(Information provided):
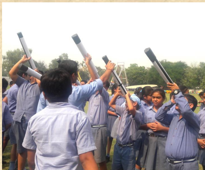
Students Observing the Sun Using a Telescope

Sun's 11 year cycle and its differential motion which causes entanglement of the Sun's magnetic fields leading to more majestic solar phenomena. They were taken to the field where the instructor took a leaf and placed it on the eyepiece of a refractive telescope pointed towards the sun. The leaf started to burn. They were warned not to use the telescope without the solar filters. With the help of filters they were able to observe the sun. The sun appeared like a round orange ball with irregular spots visible on the surface. These were sunspots. They were told that by using tips and tricks and by experimentation they would be able to measure the earth's circumference.
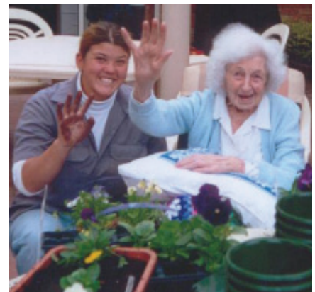
Resident and volunteer enjoy the gardening project

(Task brief):
Transcribe the whole of the data exactly, minus any pictures.

(Exercise response):
Students Observing the Sun Using a Telescope

Sun's 11 year cycle and its differential motion which causes entanglement of the Sun's magnetic fields leading to more majestic solar phenomena. They were taken to the field where the instructor took a leaf and placed it on the eyepiece of a refractive telescope pointed towards the sun. The leaf started to burn. They were warned not to use the telescope without the solar filters. With the help of filters they were able to observe the sun. The sun appeared like a round orange ball with irregular spots visible on the surface. These were sunspots. They were told that by using tips and tricks and by experimentation they would be able to measure the earth's circumference.
Resident and volunteer enjoy the gardening project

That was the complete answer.